THEMATIC DEEP DIVE: How the Iran–Israel–U.S. Battle Is Driving a Value-of-Residing Disaster Throughout the World South
The Iran–Israel–United States battle has been reshaping international vitality markets since late 2025. For residents within the World South, the results are neither summary nor distant. In Pakistan, the federal government carried out a historic Rs 55 per litre gas worth improve on 6 March 2026. In Kenya, the Power and Petroleum Regulatory Authority (EPRA) introduced on 14 April 2026 the biggest gas worth adjustment in over 21 years of regulatory data — a KSh 28.69 per litre improve for petrol and KSh 40.30 for diesel, efficient 15 April. In Egypt, subsidised gas costs had been revised upward for the third time in twelve months. In South Africa, the inland worth of 95-octane petrol is ready to breach among the highest costs ever seen within the nation . These aren’t coincidences. They’re the downstream results of a single geopolitical shock.
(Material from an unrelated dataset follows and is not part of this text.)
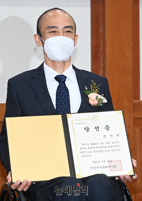 [포토] 당선증 교부 받은 정진완 대한장애인체육회장

In early March 2026, GeoPoll surveyed 3,754 residents throughout Egypt, Kenya, Nigeria, Pakistan, Saudi Arabia, and South Africa as a part of our Caught within the Crossfire? citizen perceptions research. Among the many research’s most putting findings: the financial dimension of the battle is being felt acutely and instantly, with gas costs on the centre of public concern.
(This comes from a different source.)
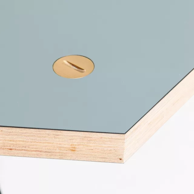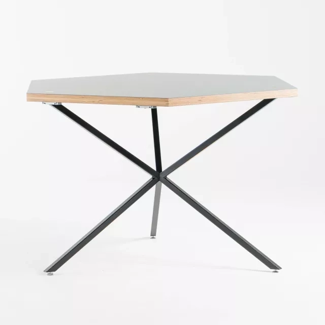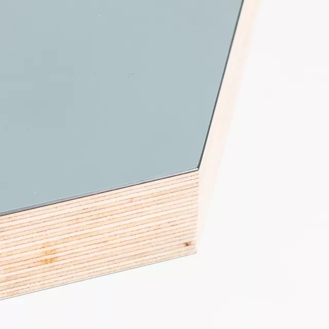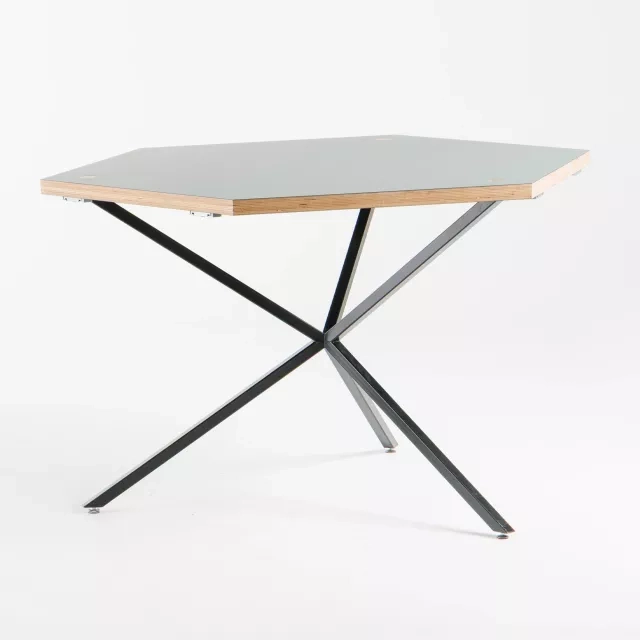 Cafébordet NEB Hexagon från No Early Birds, formgivet av Per Söderberg, har en bordsskiva i grönt laminat och underrede i svart pulverlackerat stål. Den hexagonala formen gör att flera bord kan kopplas samman till modulära ytor för café, pausrum, mötespunkter och event. Laminatet är lätt att rengöra och den robusta stommen ger stabilitet i miljöer med hög belastning. Som återbrukat cafébord stödjer NEB Hexagon cirkulära inköp och förlänger möbelns livslängd med låg resursåtgång. Cafébordet NEB Hexagon från varumärket No Early Birds passar bra i personalmatsal, coworking och reception där flexibilitet är viktigt. Varje bord kvalitetstestas av Soecos tekniker för trygg funktion i professionella miljöer.

| 70% | of respondents throughout all six international locations report that the battle has affected gas costs of their nation |
Throughout the six-country pattern, 70% of respondents report that the battle has affected gas costs of their nation, with 42% characterising the influence as vital. The discovering is constant throughout various financial contexts – from oil-importing economies resembling Pakistan and Kenya to the oil-exporting economic system of Saudi Arabia, the place 46% nonetheless report an influence.
The variation throughout international locations displays each the diploma of vitality dependence and the extent of presidency intervention. Pakistan, the place the federal government handed via the complete value of disrupted imports, registers the best influence at 85%. Saudi Arabia, which advantages from home manufacturing and worth controls, registers the bottom at 46% – although this determine is notable in itself for a serious oil producer.
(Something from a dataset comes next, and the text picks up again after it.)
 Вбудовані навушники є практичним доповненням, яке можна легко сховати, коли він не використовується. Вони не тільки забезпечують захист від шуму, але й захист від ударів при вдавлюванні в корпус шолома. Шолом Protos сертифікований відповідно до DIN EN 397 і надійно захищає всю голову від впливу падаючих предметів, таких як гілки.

Respondents Reporting or anticipating Gas Value Influence by Nation
Nation Evaluation: The Gas Disaster on the Floor
Pakistan: The Highest Influence within the Dataset
Pakistan registers probably the most extreme gas worth influence of any nation within the research, with 85% of respondents reporting or anticipating an impact. The discovering is in step with on-the-ground realities: on 6 March 2026, the federal government carried out a Rs 55 per litre gas worth improve – among the many largest single changes within the nation’s latest historical past – instantly attributed to rising import prices ensuing from conflict-related provide disruptions.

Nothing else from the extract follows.